Two, one-pound Chicken breasts, sliced laterally to provide four thin breasts.

1 t. Olive Oil
6 crushed garlic cloves
1/2 minced Fresh Jalapeno Pepper

1/2 Cup White Wine (no oaky chardonnays)
1/2 Cup Tequila (I use José...)
All the juice squeezed from two large Limes

1 T. Chili powder
1 t. Cayenne Pepper
1 t.  Black Pepper
1 t. Sea Salt

*Instructions*

1) Sautée garlic and jalapeno in Olive oil over medium heat 5 minutes.

2) Add Wine, Tequila, and Lime Juice.  Scrape any burned garlic off of pan, but leave in mixture.

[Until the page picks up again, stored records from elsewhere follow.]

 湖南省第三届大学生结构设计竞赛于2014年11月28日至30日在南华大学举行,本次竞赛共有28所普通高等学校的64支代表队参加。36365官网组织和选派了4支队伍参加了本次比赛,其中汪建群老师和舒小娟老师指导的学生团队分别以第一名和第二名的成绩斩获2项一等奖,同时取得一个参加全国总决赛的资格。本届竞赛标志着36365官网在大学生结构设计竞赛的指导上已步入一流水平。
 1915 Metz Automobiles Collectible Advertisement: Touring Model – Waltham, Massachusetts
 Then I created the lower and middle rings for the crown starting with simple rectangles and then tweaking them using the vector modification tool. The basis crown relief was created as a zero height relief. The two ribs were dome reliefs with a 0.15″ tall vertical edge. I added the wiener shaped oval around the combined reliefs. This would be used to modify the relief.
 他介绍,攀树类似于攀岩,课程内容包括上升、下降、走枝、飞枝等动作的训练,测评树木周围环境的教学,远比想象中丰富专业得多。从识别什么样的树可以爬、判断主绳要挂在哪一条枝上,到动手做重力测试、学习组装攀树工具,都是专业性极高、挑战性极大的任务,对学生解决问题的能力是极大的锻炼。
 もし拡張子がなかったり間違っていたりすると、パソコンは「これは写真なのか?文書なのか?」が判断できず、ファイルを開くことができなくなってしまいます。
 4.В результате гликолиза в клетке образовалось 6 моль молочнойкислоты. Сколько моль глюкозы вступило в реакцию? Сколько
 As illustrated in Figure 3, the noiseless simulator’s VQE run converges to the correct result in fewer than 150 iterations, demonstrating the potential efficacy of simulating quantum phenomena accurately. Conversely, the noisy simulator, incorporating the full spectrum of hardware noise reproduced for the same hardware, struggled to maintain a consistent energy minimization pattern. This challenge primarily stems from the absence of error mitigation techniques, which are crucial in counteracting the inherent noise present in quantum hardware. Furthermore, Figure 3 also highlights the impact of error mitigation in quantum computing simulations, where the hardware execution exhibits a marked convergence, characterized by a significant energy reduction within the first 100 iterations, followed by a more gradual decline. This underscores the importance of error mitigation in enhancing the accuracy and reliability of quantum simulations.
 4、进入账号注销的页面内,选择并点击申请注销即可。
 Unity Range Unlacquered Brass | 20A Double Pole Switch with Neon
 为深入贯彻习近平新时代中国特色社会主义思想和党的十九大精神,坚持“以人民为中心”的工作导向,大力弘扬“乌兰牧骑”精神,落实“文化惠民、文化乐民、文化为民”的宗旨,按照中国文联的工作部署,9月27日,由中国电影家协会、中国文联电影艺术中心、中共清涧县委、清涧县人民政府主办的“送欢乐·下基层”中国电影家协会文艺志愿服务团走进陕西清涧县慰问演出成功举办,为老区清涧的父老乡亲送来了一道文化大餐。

3) Arrange  chicken in pan.  Sprinkle Chili, cayenne, black pepper, and salt on top of breasts. (Use it all, you will not be seasoning the reverse sides. Don't worry if some spices land in the liquid).  Cook 5 minutes over medium-high heat.

4) Turn Breasts over and cook until finished (5 -10 minutes more).  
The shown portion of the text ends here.